In a linear encoder a magnetic sensor passing over a magnetic scale. As the sensor moves along this scale, it detects changes in the magnetic field which are proportional to the measuring speed and the displacement of the sensor. As linear sensors only detect changes in the magnetic field, external factors such as light, debris or oil have no effect on the sensing capabilities, and as a result they are often used in harsher environments. Optical linear encoders are not as widely used, but use parallel beams of light on a glass scale to generate sinusoidal wave outputs that are detected using a photodetector.
There are many key components to linear encoder sensors, including the scanning unit, sensor unit, transducer and a transmissive/reflective scale. Overall, the linear encoder converts the motion into either a digital or analog signal and this can be used to determine the positional change over time.
Rotary encoders can be magnetic or non-magnetic in nature. In a magnetic rotary sensor, the sensor is passed over a rotating disc of alternating (north and south) magnetic regions. The sensor detects the smalls changes in the magnetic field either via the Hall effect (change in voltage compared the deflection of the electrons in the magnetic field) or the magneto resistive effect (a change in resistance caused by the magnetic field).
Electronic rotary encoder sensors are a little more complex and are typically controlled via the rotation of a shaft which is connected to the circuitry of the encoder.
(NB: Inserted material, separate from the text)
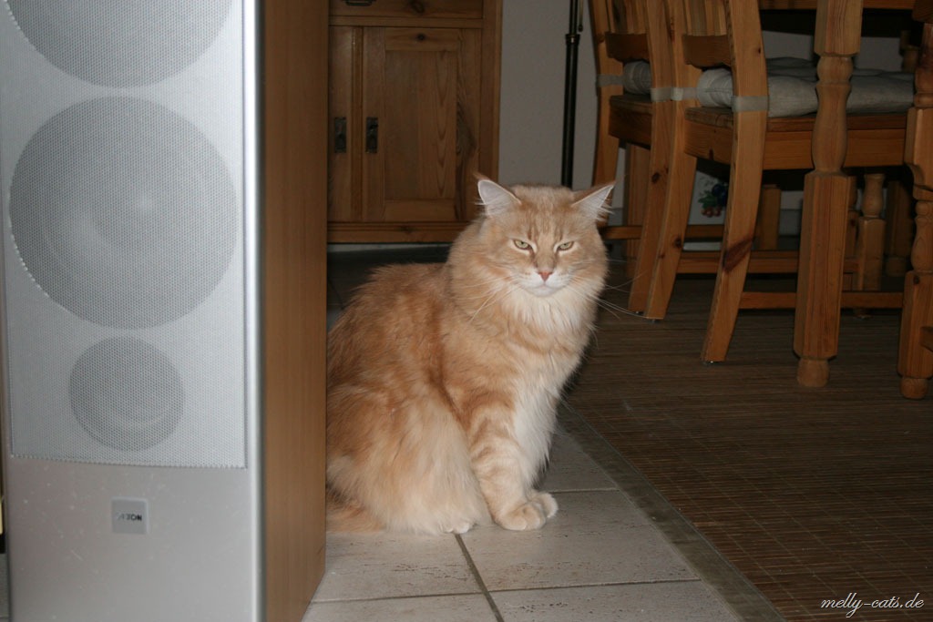 Das ist Aragon Lieblingsplatz, er könnte ja verpassen, wenn es was zu futtern gibt (Dahinter ist der Kücheneingang

The shaft is connected to the encoder via a part known as the hub. When the shaft rotates, it causes the disc (which contains both solid and transparent lines) to rotate across the circuitry of the encoder. The circuitry contains light-emitting diodes (LEDs) that can be spotted using a photodiode. The speed of the rotation is dependent upon the speed of the shaft attached to the encoder. Each concentric ring in the rotary encoder has its own light source to identify each line in the rotating disc. The signal from the detectors is then converted into an output that provides feedback on the position or velocity of the sensor.